#### Exercise directions:
Write out only the lines from the start of the entries up to and including the line with "Από την πρόσκρουση, το"; please skip the pictures.

[Opening Recorded information section]

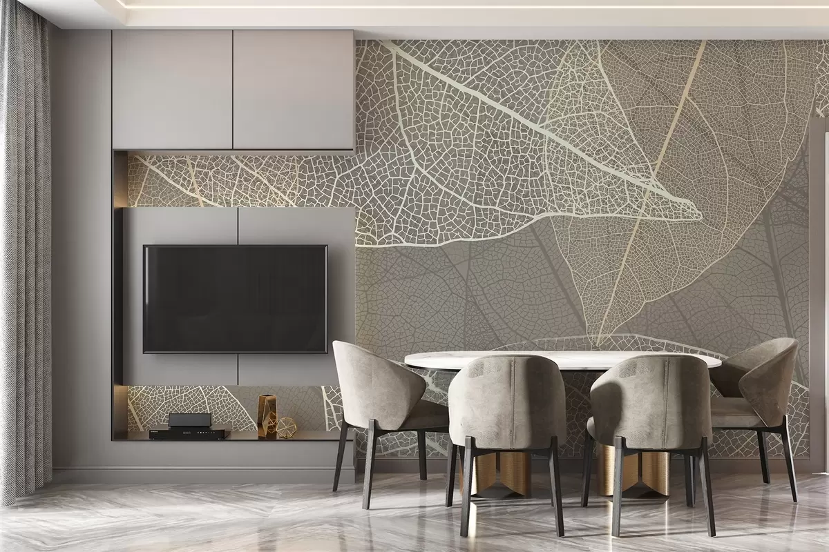 Фотошпалери крупним планом листя з прожилками в теплих сірих тонах w02520v2
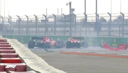 Από την πρόσκρουση, το διαλυμένο αυτοκίνητο του Φέτελ επέστρεψε μερικώς στην πίστα και ο Σαρλ Λεκλέρ που ακολουθούσε απέφυγε κυριολεκτικά στο «τσακ» τη σύγκρουση με τον teammate του.
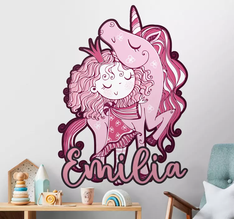 Transform your child's space with our Pink unicorn embrace wall sticker for kids, featuring a delightful design that perfectly blends the realms of fantasy and whimsy. This enchanting wall sticker showcases a charming cartoon princess alongside her magical unicorn, creating a vibrant atmosphere that sparks imagination. The customizable aspect allows your little one’s name to be incorporated, making it a truly unique addition to their room!
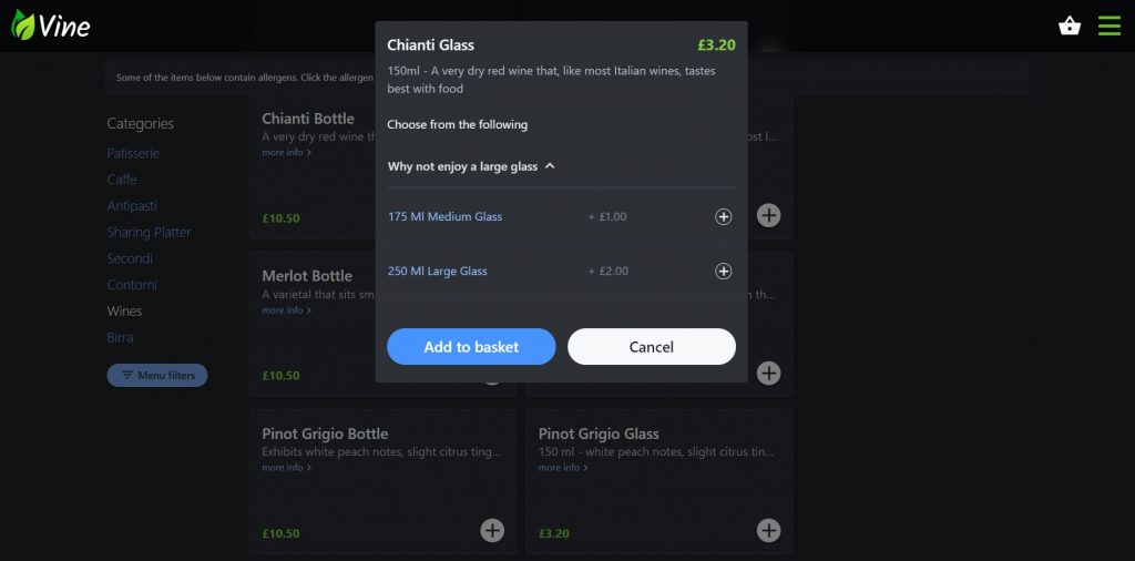 Menu Modifiers Posted on 4 August 20205 August 2020 by Tim Richards Vine self order app includes menu modifiers. Putting digital menus with add on options in the hands of your guests increases average order value.
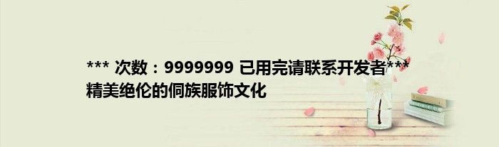 本文*** 次数:9999999 已用完请联系开发者*** 精美绝伦的侗族服饰文化到此分享完毕,希望对大家有所帮助。
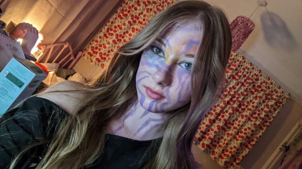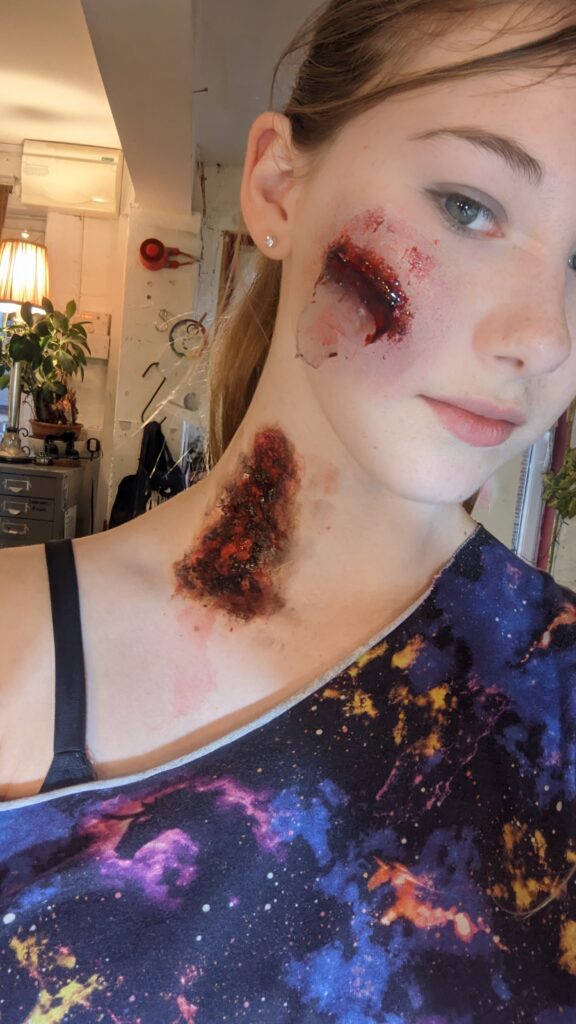 After discovering I could create fake black eyes and bruises at 10 years old, I used fake blood and online tutorials to expand my abilities. I then started to attend SFX makeup sessions and did my work experience at a local amateur dramatics group where I now regularly volunteer.
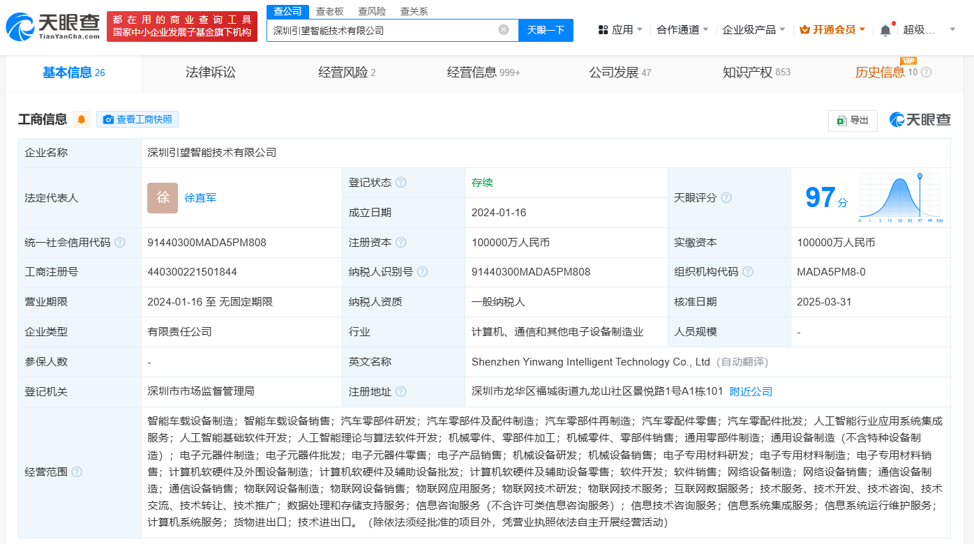 天眼查App显示,近日,深圳引望智能技术有限公司发生工商变更,股东新增赛力斯汽车有限公司、阿维塔科技(重庆)有限公司;新增徐直军任法定代表人、董事长,余承东任副董事长,同时多位主要人员发生变更。
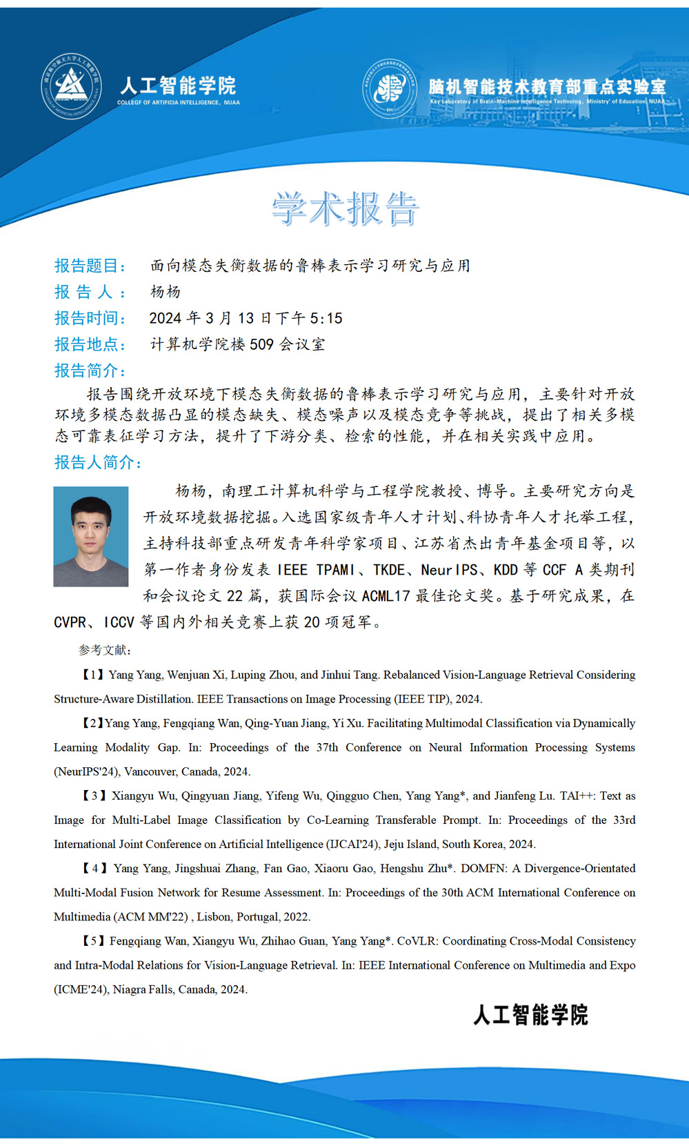 学术讲座:面向模态失衡数据的鲁棒表示学习研究与应用
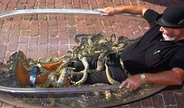 แจ๊คกี้ บิ๊บบี้ นั่งในอ่างอาบน้ำกับงู 87 ตัวเป็นเวลา 45 นาที

[Closing Recorded information section]

#### Solution for this exercise:
 Фотошпалери крупним планом листя з прожилками в теплих сірих тонах w02520v2
 Από την πρόσκρουση, το διαλυμένο αυτοκίνητο του Φέτελ επέστρεψε μερικώς στην πίστα και ο Σαρλ Λεκλέρ που ακολουθούσε απέφυγε κυριολεκτικά στο «τσακ» τη σύγκρουση με τον teammate του.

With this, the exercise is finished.